The social contract embedded in MGNREGA is fragile yet profound. It promises up to 100 days of wage employment, creating assets that conserve water, soil, and commons. It has functioned as a shock absorber in crises—from the drought of 2009 to the pandemic of 2020. Empirical studies show its role in reducing distress migration, stabilising rural consumption, and empowering women workers. To rename it is to risk muffling this echo of Gandhian philosophy. Hind Swaraj spoke of swaraj as self-rule beginning with self-restraint and service. MGNREGA operationalises this by dignifying labour, by making the last person visible in the republic’s ledger. Renaming it risks severing this philosophical lineage.

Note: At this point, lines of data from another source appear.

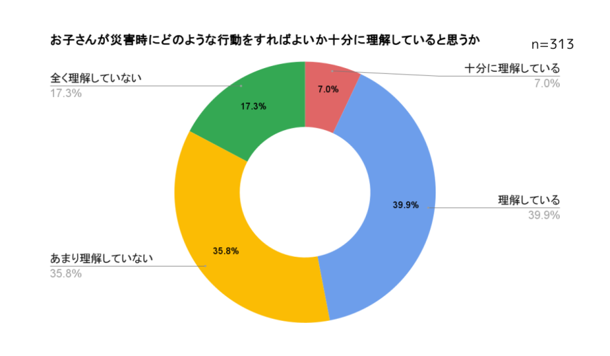 続いてお子さんの防災事情についても調査しました。災害時の行動について「十分に理解している」「理解している」は46.9%、「あまり理解していない」「全く理解していない」が53.1%と、理解していないお子さんがやや上回る結果となりました。
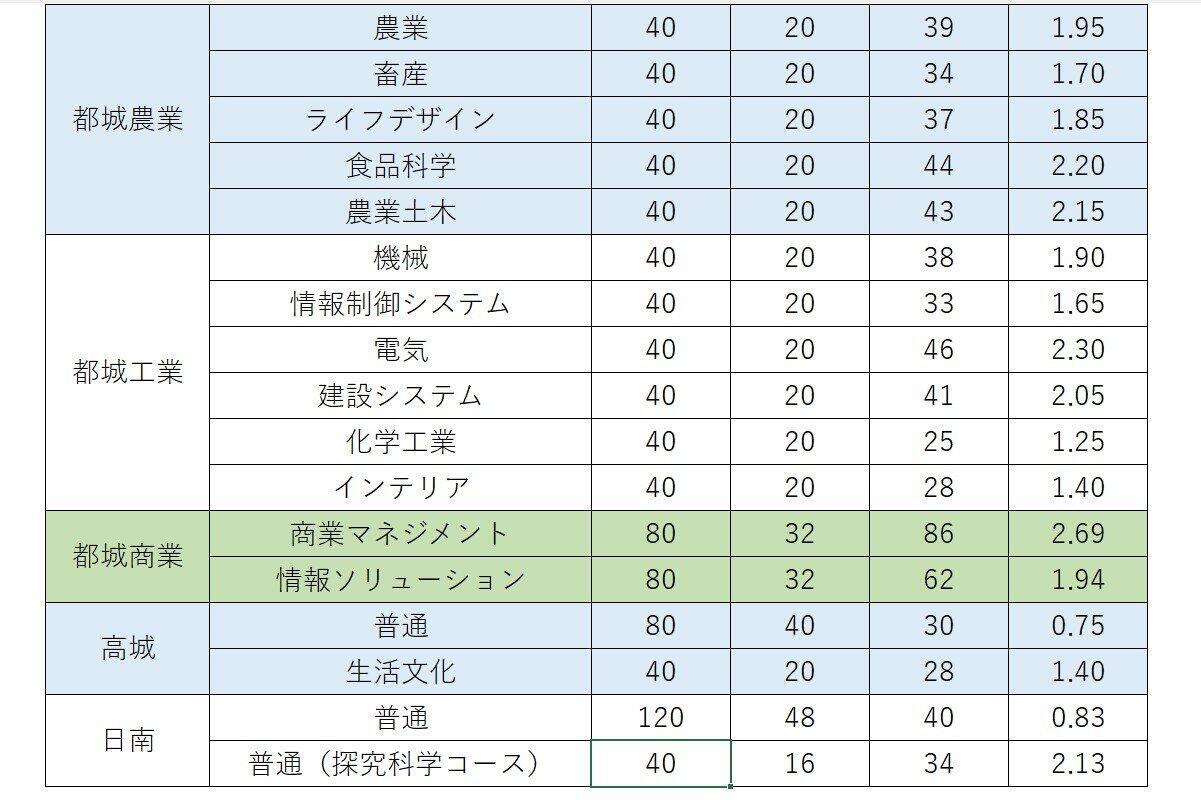 都城農業・食品科学2.20倍、農業土木2.15倍。都城工業・電気2.30倍、建設システム2.05倍。都城商業・商業マネジメント2.69倍、情報ソリューション1.94倍。日南・普通(探究科学コース)2.13倍。
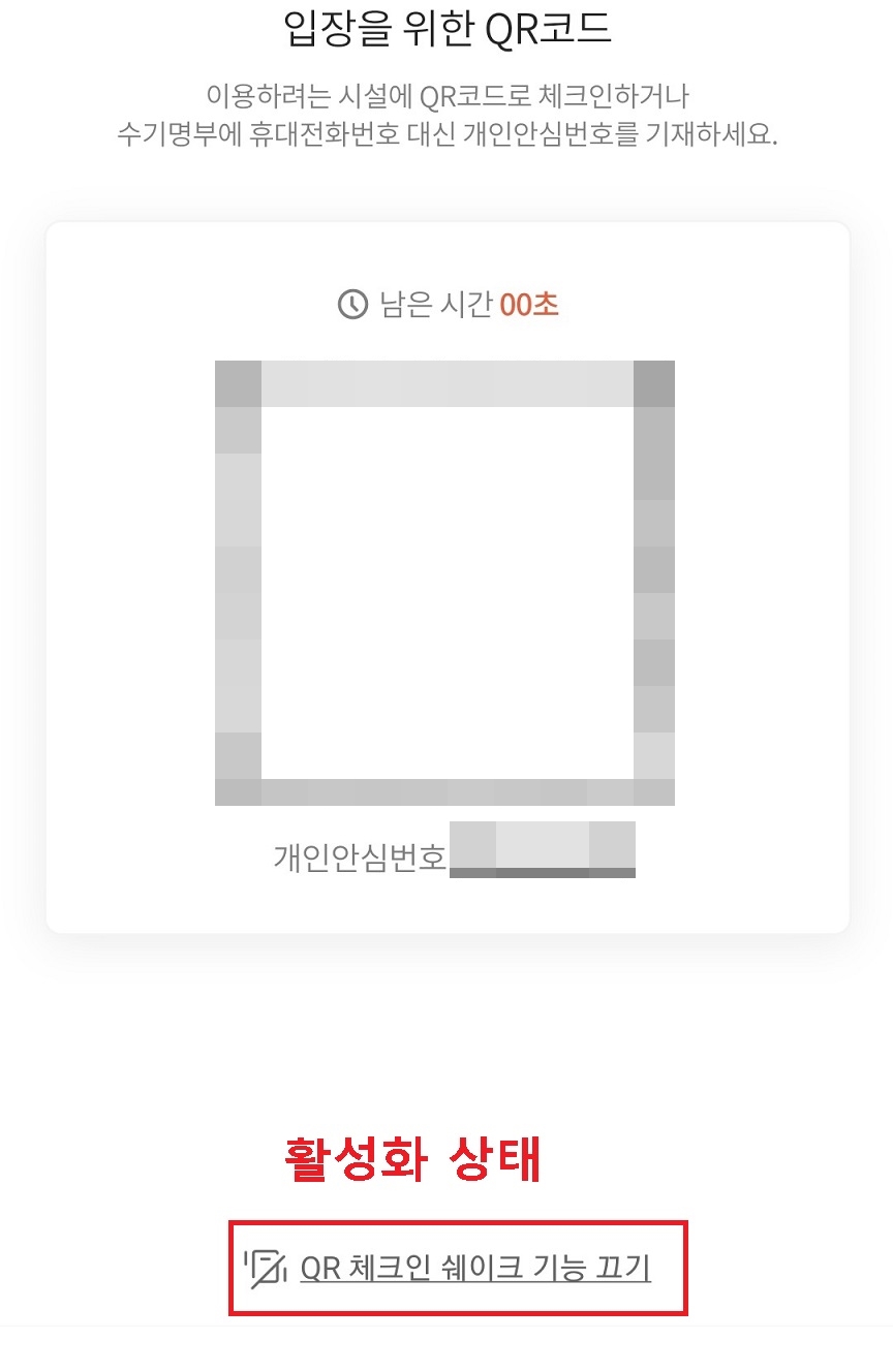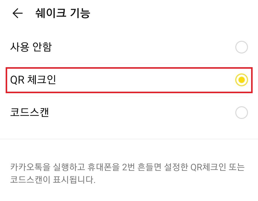 QR 체크인 쉐이크 기능 끄기라고 되어있으면 카톡 QR(큐알) 코드 흔들기가 작동하는 것이다.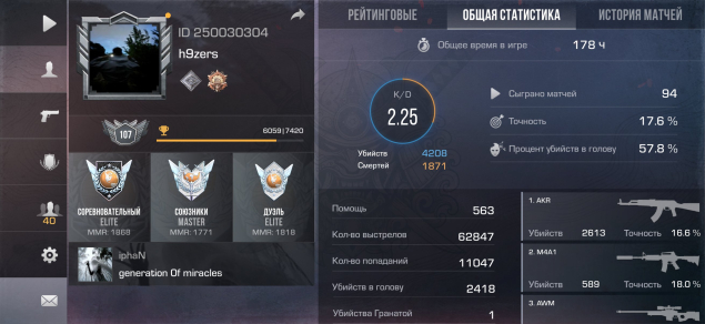 Звание: EliteКраткое описание: топовый аккаунт для новичка,178ч красивый айди 250030304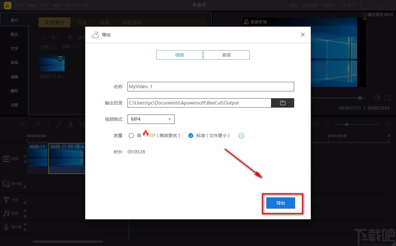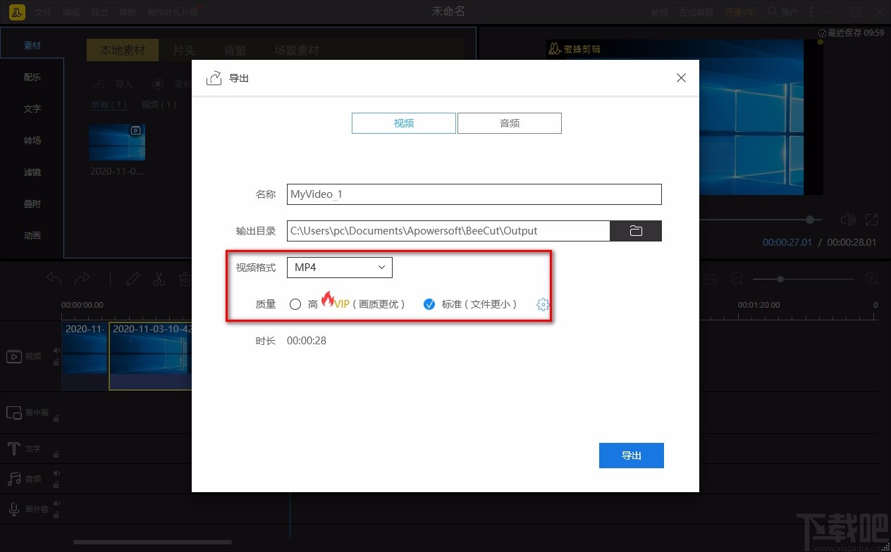 8.接下来在导出窗口中找到“视频格式”以及“质量”选项,我们根据自己的需要对两个参数进行设置即可。

The harder questions are empirical. Does the poorest woman in the last hamlet receive her wage on time? Do gram sabhas plan assets that meet local needs? Do social audits function without fear? Does budget allocation match demand? These are the metrics of governance. They are the “tough stuff” of political economy, the slow arithmetic of justice. Renaming cannot answer them. Only reform can. Social science insists on distinguishing between symbolic politics and substantive policy. The former may win headlines; the latter sustains legitimacy.


Gandhi’s politics was a discipline of work, not a theatre of words. Untouchability was confronted at the threshold of homes, not in rhetorical flourishes. Cleanliness was practised in drains and habits, not in selfies. Poverty was met with dignity, not pity. To borrow his name is to borrow his burden. To keep his glasses on national letterheads is to keep his gaze on national budgets. If the government truly seeks to honour Gandhi, it must strengthen MGNREGA’s delivery mechanisms, not rename them.


The renaming debate thus crystallises a larger tension in Indian democracy: between memory and modernity, between appropriation and accountability. Names matter because they anchor policy in history. To un-name Gandhi from MGNREGA is to risk dislodging the moral anchor of a law that secures the dignity of work. The plea, therefore, is simple yet profound: keep the name, improve the law, widen the reach, pay on time, punish corruption, empower gram panchayats, respect workers. If performance is the goal, let it be added as a prefix; let personality not erase philosophy.


In the end, governance is judged not by the cleverness of rebranding but by the courage of reform. Gandhi’s path is narrow: it forbids shortcuts, mocks spectacle, and rewards only the patient arithmetic of justice. If we cannot keep his name where it most belongs—on a law that guarantees dignity to the poorest—then perhaps we should stop quoting him in speeches and start reading him in silence. For in silence lies the hardest truth: names are not ornaments; they are obligations. To erase them is easy; to live up to them is the real test of politics.